This manual describes how to use the command-line version of ZEAL in MATLAB, available for download from github link XXXX. For details on the method itself, see the publication publication:
F. Ljung and I. André, ZEAL: Protein structure alignment based on shape similarity, *Bioinformatics* XX (2020)
ZEAL depends on the following classes
- PDB.m Handles reading/fetching/parsing of PDB files
- molShape.m Generates a molecular shape function (the molecular surface by default) from PDB object data
- ZC.m Handles computation of Zernike-Canterakis moments and shape reconstruction
- ChiCoeffs.m Handles loading of pre-computed (object-independent) Chi-coefficients from .mat-files
ZEAL uses functions from these toolboxes which have to be installed (included in MATLAB Runtime if ZEAL run as standalone program)
gads_toolbox
Global Optimization Toolboximage_toolbox
Image Processing Toolboxoptimization_toolbox
Optimization Toolboxstatistics_toolbox
Statistics and Machine Learning Toolboxsymbolic_toolbox
Symbolic Math Toolbox
- ZC Zernike-Canterakis
- MS Molecular surface
- SA/SAS Solvent-accessible surface
- vdW van der Waals
- PDB Protein Data Bank
ZEAL can be run in two modes depending on if one or two protein structures
are given as input. Protein structrues can either be given as files
('filename.pdb'
or
'filepath/filename.pdb'
if not in same directory)
or as 4-letter PDB ID codes (eg. '5MOK'). If a 5-letter PDB ID code is given
(eg. '5MOKA'), then the last letter is assumed to be the chain ID ('A')

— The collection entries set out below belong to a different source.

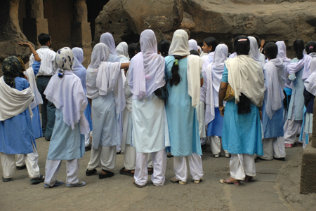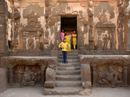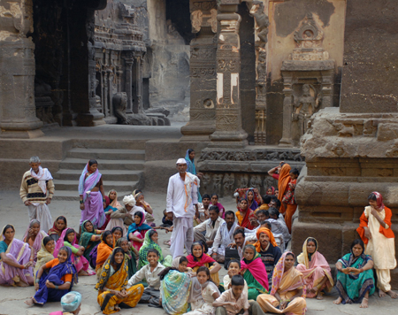 Going in and out of these caves requires a lot of walking in direct sun, but the caves themselves are quite cool and offer respite from the heat. The caves at Ajanta are Buddhist; at Ellora they are Hindu, Buddhist and Jain. I must say I can’t tell the difference. The carvings and paintings at Ajanta are not in great condition, and restoration has been fitful at best. These caves lay idle for years, decades, centuries, - who knows? - until an Englishman hunting a tiger in 1890 literally stumbled on them. It’s hard to imagine they were abandoned or ignored (probably not by the locals) but they are cut into hillsides, and evidently the vegetation just grew over the entrances. They are remarkable for the industry required to make them. Like the pyramids, it’s hard to imagine how and for what purpose they were created. Both Ajanta and Ellora were carved out of mountain sides – using mass labor for sure. Photographically, the caves are not so exciting. When I’m photographing, I’m less interested in the history of a place than I am in the forms and activity. It’s through the photography that I become interested in the culture; I do my reading after the fact. Drawn to color, I found myself photographing the people visiting the caves, including large groups of school children. There are around 30 caves in each locale, side by side in a great horseshoe arc facing a stream below. Why so many so similar? I don’t know. Probably because each generation – or ruler- felt the need to express its / his devotion.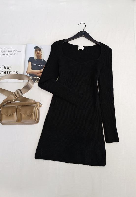 🌿черное платье H&M с красивым декольте, красиво тянется Размер L Замеры ПО груди 46 см, длина 92 см, рукав 68 см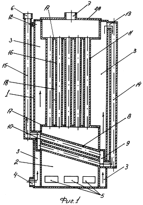 При этом дополнительный теплообменник 11 может быть выполнен трубчатым, например в виде вертикальных трубок 16, закрепленных по концам в трубных досках 17. Причем межтрубное пространство 18 соединено с водяной рубашкой 3, а полости 19 трубок 16 – с полостью топочной камеры 2.

that should be selected for analysis. By default, all chains of the
structure (first model if several exist) is used, excluding hydrogen atoms
and any heteroatoms. If any alternate atom locations are defined, all states
are selected. See the section \hyperref{H_56E64AE2}{Changing
default parameters} to change what structure data should be used in the analysis.
Single mode If one structure is given, then ZEAL will compute the
Zernike-Canterkis shape descriptor for the structure
(defined in the object as the fixed
structure)
% Single mode
shapeData_pdbFile = ZEAL('5mok.pdb'); % -> reads pdb file
Running ZEAL in single mode
Importing fixed structure: 5mok.pdb
Computing shape function for fixed structure
Computing ZC moments for fixed structure
shapeData = ZEAL('5mokA'); % -> downloads the structure from PDB
Running ZEAL in single mode
Importing fixed structure: 5mokA
Computing shape function for fixed structure
Computing ZC moments for fixed structure
Align mode Adding a second structure with parameter 'rot'
will start
the shape alignment search in ZEAL where the second structure
(defined as rotating
in the object) is rotated
% Align mode
% shapeAlignData_pdbFile = ZEAL('5mok.pdb', 'rot', '2ho1.pdb'); % -> reads PDB files and and performs the shape alignment
shapeAlignData = ZEAL('5mokA', 'rot', '2ho1A'); % -> Downloads structures and performs the shape alignment
Running ZEAL in Align mode
Importing fixed structure: 5mokA
Importing rotating structure: 2ho1A
Computing shape function for fixed structure
Computing shape function for rotating structure
Computing ZC moments for fixed structure
Computing ZC moments for rotating structure
/////////////////////////////////////////////////////////////////////////////
Searching for best shape superposition
Stopping after 300 function evaluations
----------------------------------------------------------------------------
Best score Euler (zyz) iteration time (s)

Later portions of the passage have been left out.